Bestellinformation
| Produkt | Katalog # | EINHEIT | Preis | ANZAHL | Favoriten | |
HoxB2 Double Nickase Plasmid (h) | sc-404533-NIC | 20 µg | $410.00 | |||
HoxB2 Double Nickase Plasmid (h2) | sc-404533-NIC-2 | 20 µg | $410.00 |
HOXB2 kodiert den Homeobox-Transkriptionsfaktor HoxB2, einen sequenzspezifisch DNA-bindenden Regulator, der während der Embryogenese die anteroposteriore Achse strukturiert und Segmentierungs- sowie Differenzierungsprogramme im sich entwickelnden Hinterhirn und in von der Neuralleiste abgeleiteten Geweben unterstützt. Als Bestandteil von HOX-Genregulationsnetzwerken koordiniert HoxB2 Transkriptionsprogramme, die die Festlegung von Zelllinien, die Aufrechterhaltung der Zellidentität und morphogen-abhängige Entwicklungswege steuern, einschließlich der retinsäureabhängigen Musterbildung. Eine fehlregulierte HOXB2-Expression wurde in mehreren Tumorarten beschrieben und wird im Hinblick auf abnorme Differenzierungszustände, invasives Verhalten und transkriptionelle Umprogrammierung in Krebsmodellen untersucht. In humanen Zellsystemen wird die gezielte Veränderung von HOXB2 häufig genutzt, um entwicklungsbiologische Genregulationsschaltkreise und krankheitsrelevante Veränderungen des Zellschicksals zu analysieren.

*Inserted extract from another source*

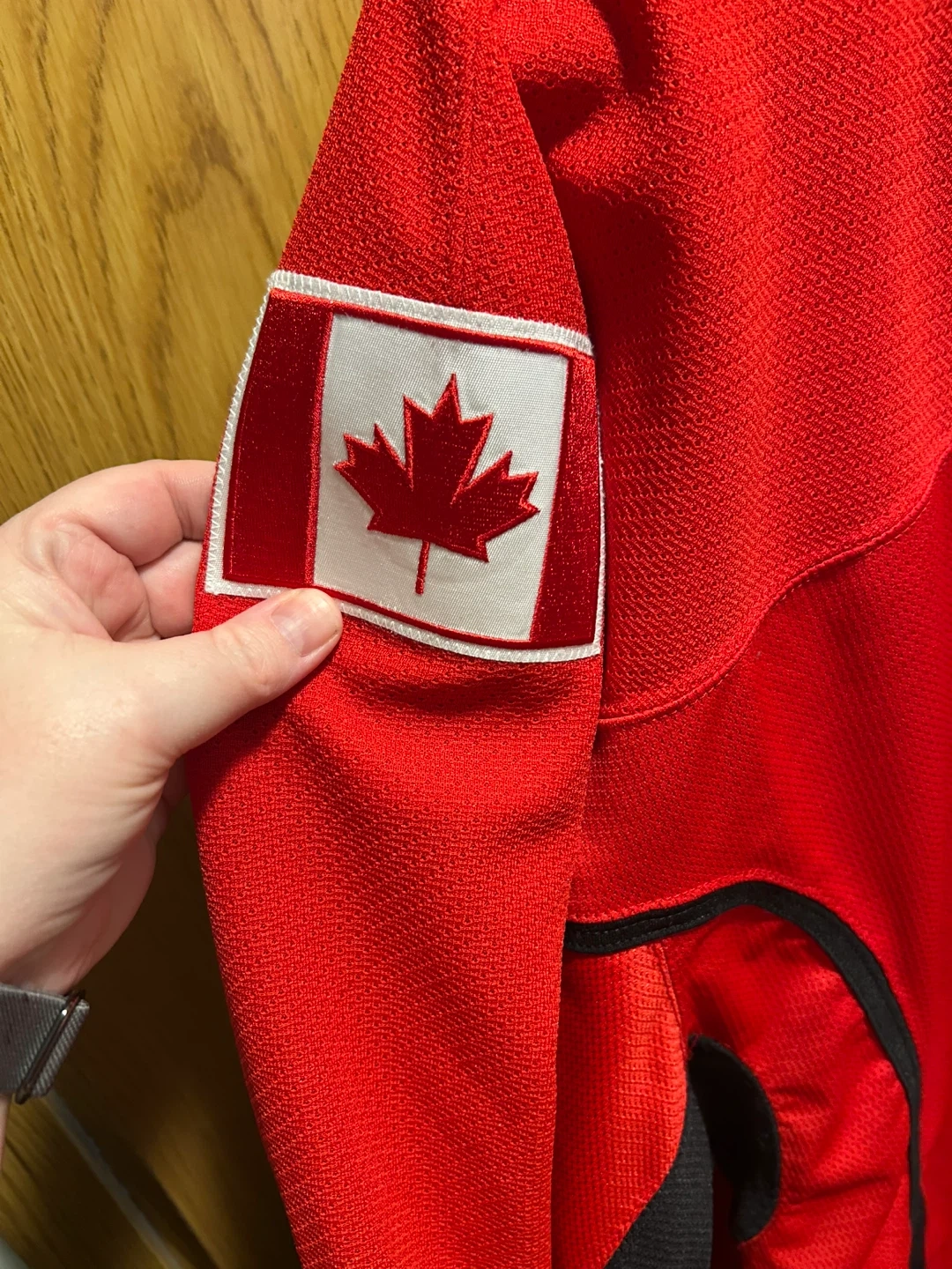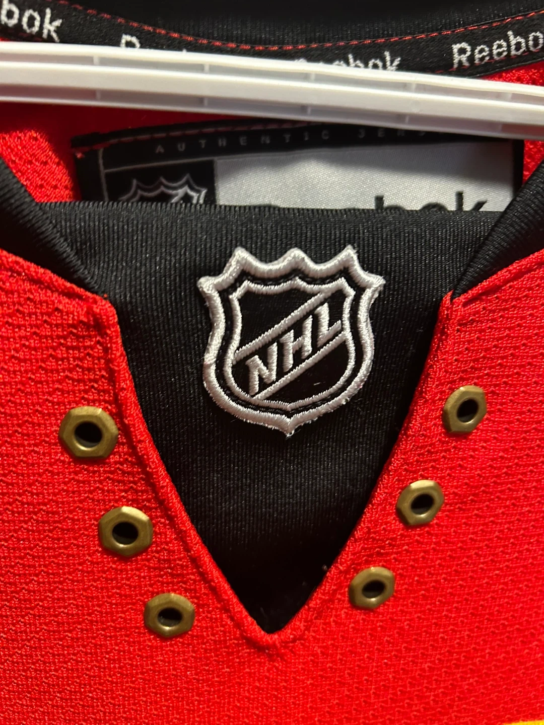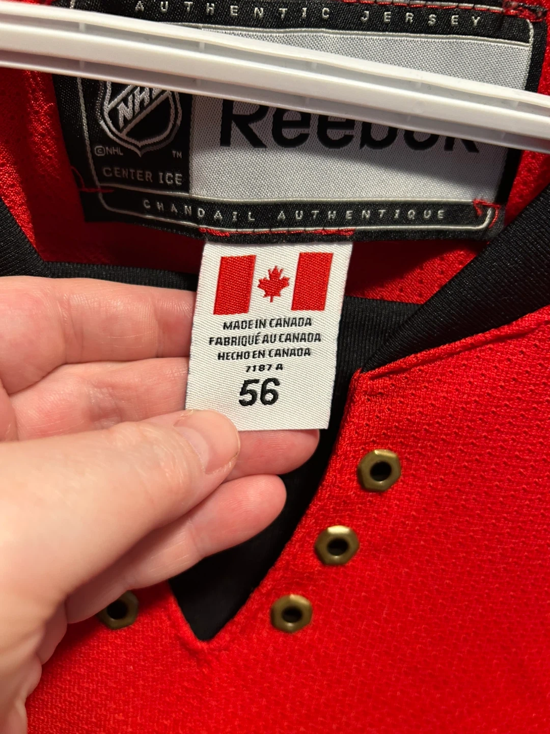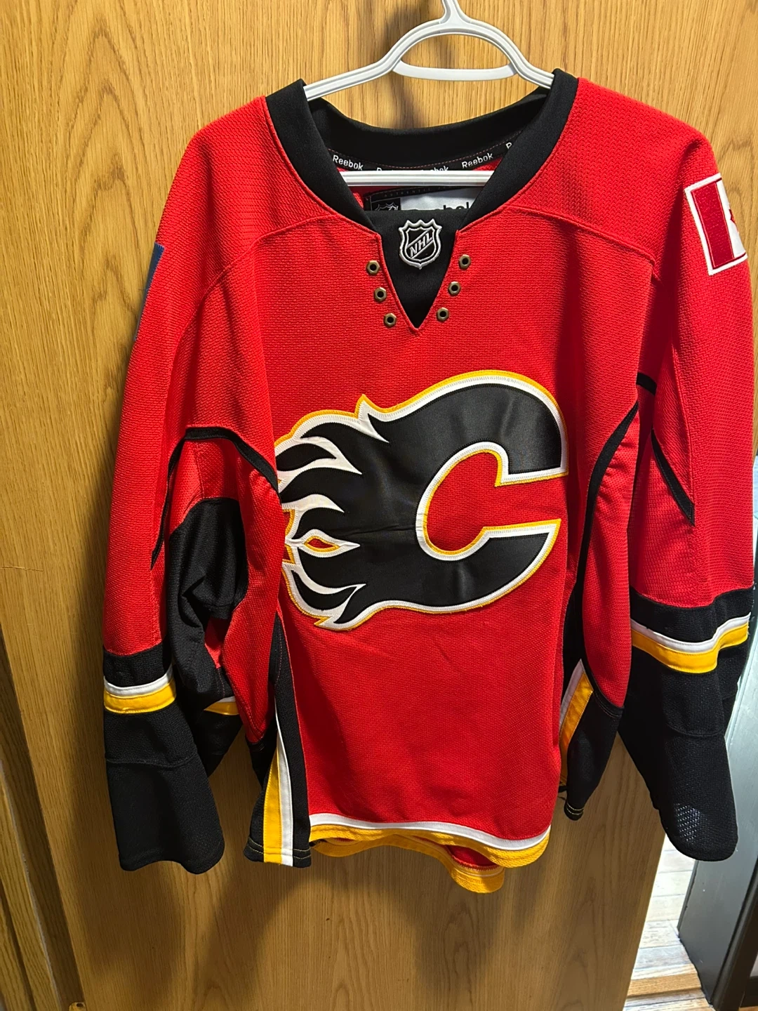 Calgary Flames authentic hockey jersey by Reebok. Made in Canada. Size is 56. Missing the front lace around the neck.

HoxB2 Das Double-Nickase-Plasmid (h) besteht aus einem aufeinander abgestimmten Plasmidpaar, das für die hochspezifische Bearbeitung des HOXB2-Lokus in human-Zelllinien entwickelt wurde. Jedes Plasmid exprimiert eine Cas9-D10A-Nickase und eine spezifische sgRNA, die auf entgegengesetzte DNA-Stränge innerhalb von HOXB2 abzielt. Wenn sie auf benachbarte Stellen auf entgegengesetzten DNA-Strängen gerichtet sind, erzeugen die beiden Nickasen versetzte Einzelstrang-Schnitte, die zusammen einen versetzten Doppelstrangbruch erzeugen, was eine koordinierte On-Target-Aktivität beider Guides erfordert. Der resultierende DNA-Bruch wird durch endogene zelluläre Reparaturwege behoben, meist durch nicht-homologe Endverknüpfung (NHEJ), was zu Insertionen oder Deletionen führt, die die HOXB2-Funktion stören. Durch die Notwendigkeit einer doppelten sgRNA-Bindung am Zielort erhöht der Doppel-Nick-Ansatz die Spezifität der Bearbeitung und bietet eine komplementäre CRISPR-Strategie für Anwendungen, bei denen eine zusätzliche Kontrolle über die Zielgenauigkeit gewünscht ist.
Um eine effiziente Identifizierung editierter Zellen zu unterstützen, kodiert ein Plasmid GFP zur fluoreszierenden Visualisierung transfizierter Populationen, während das Begleitplasmid ein Puromycin-Resistenzgen für die Antibiotika-Selektion trägt. Zusammen unterstützen diese Merkmale eine effiziente Anreicherung co-transfizierter Populationen und vereinfachen die Validierung von Klonen mit HOXB2-Störung.
Nur für Forschungszwecke. Nicht für diagnostische oder therapeutische Zwecke bestimmt.